TASK GOAL
Each line from the one containing "端到端的一站式AI工作空间深" through the last line of the data below should be printed exactly, please, with any pictures omitted.

Records from a data source:
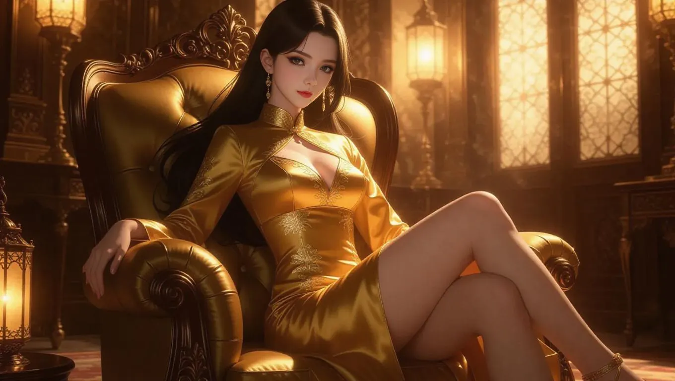 A stunning anime woman in a flowing gold silk cheongsam with high side slits sits regally on a plush armchair. Her long raven hair is elegantly styled, and her sharp, enchanting eyes add to her allure. The atmospheric lantern light casts soft, golden shadows around her, enhancing the luxurious atmosphere of the palace adorned with gold accents and warm tones.
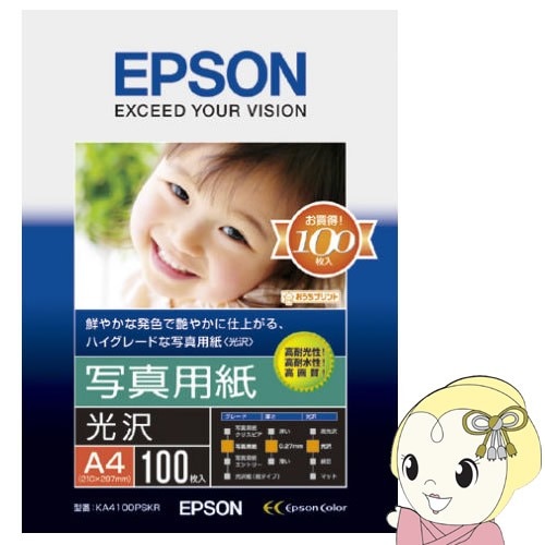 商品コード:KA420SLUKA4100PSKR エプソン 写真用紙 光沢 A4 100枚【送料別】
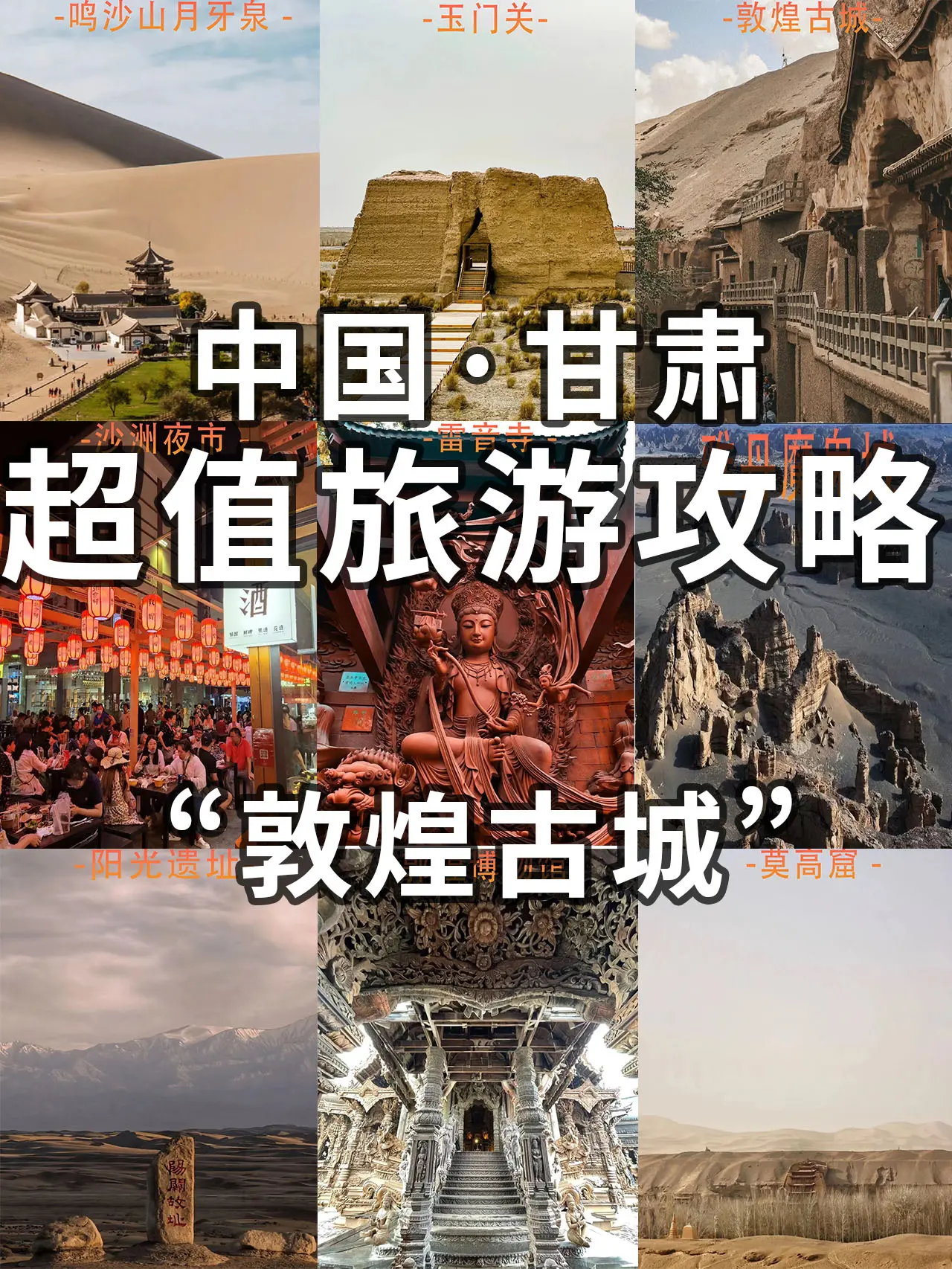 甘肃,位于中国的西北地区,是一个充满文化和历史的省份。这里地形多样,有大漠、草原、山地等多种自然风光,如鸣沙山、月牙泉、峡谷风景线等景点都让人流连忘返。这里也是丝绸之路的重要节点,有着悠久的历史和文化底蕴,如敦煌莫高窟、麦积山石窟等让人感叹古人智慧的创造力。此外,甘肃还是中国少数民族聚居地之一,有着独特的民族文化和美食,如羊肉面、牛肉面、马蹄糕等,让人垂涎欲滴。来到甘肃,你会被这里的美景和文化深深吸引,一定会有美好的旅行体验。
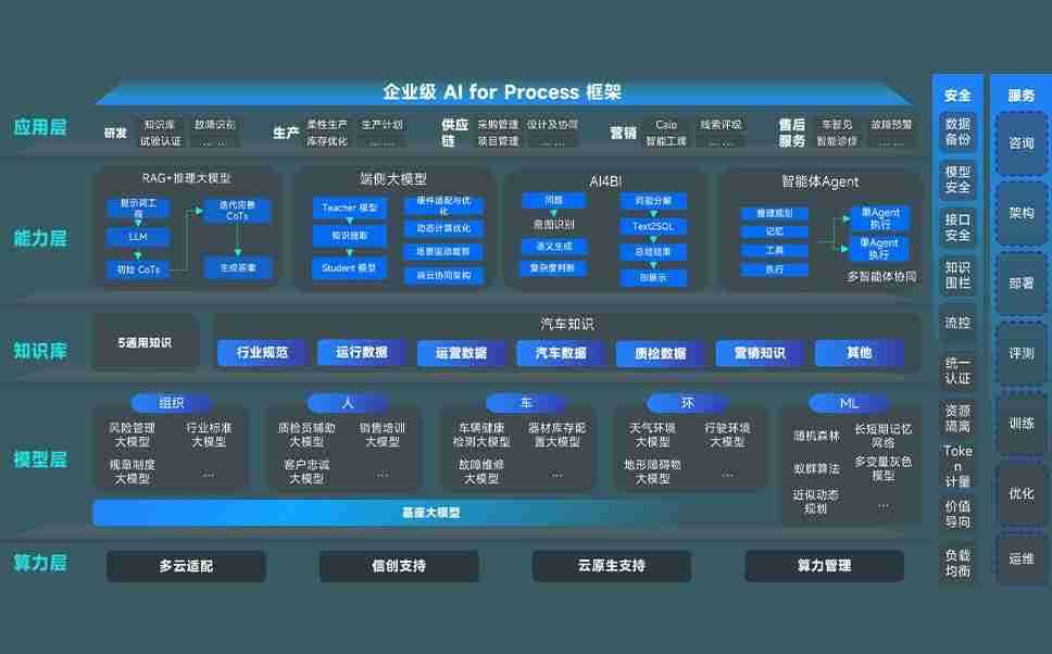 端到端的一站式AI工作空间深度融合了从企业战略规划到日常经营的全流程业务板块,,,,定向解决车企内部领域多、、部门多、、、、链条长、、、、场景碎片化等难题,,支持车企快速构建以AI为核心的生产力写作体系,,,,实现任务执行与AI能力的无缝集成与交互
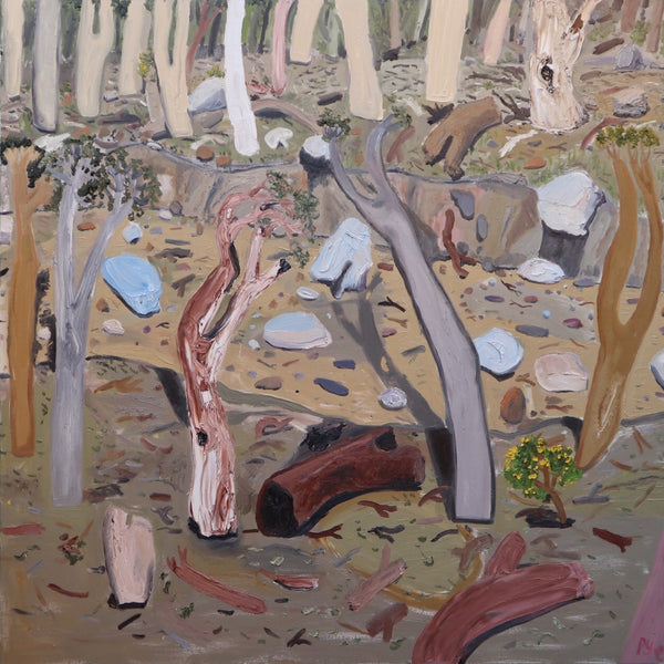 It's still about the Australian Bush. What continues to grab me is the awkward lines, the gnarly black lumps converted to bee hotels, the hollow logs converted to snake hotels, the soft ripples of the well satisfied river gums and the chaos of the bush floor arrangements.

ANSWER SECTION
 端到端的一站式AI工作空间深度融合了从企业战略规划到日常经营的全流程业务板块,,,,定向解决车企内部领域多、、部门多、、、、链条长、、、、场景碎片化等难题,,支持车企快速构建以AI为核心的生产力写作体系,,,,实现任务执行与AI能力的无缝集成与交互
 It's still about the Australian Bush. What continues to grab me is the awkward lines, the gnarly black lumps converted to bee hotels, the hollow logs converted to snake hotels, the soft ripples of the well satisfied river gums and the chaos of the bush floor arrangements.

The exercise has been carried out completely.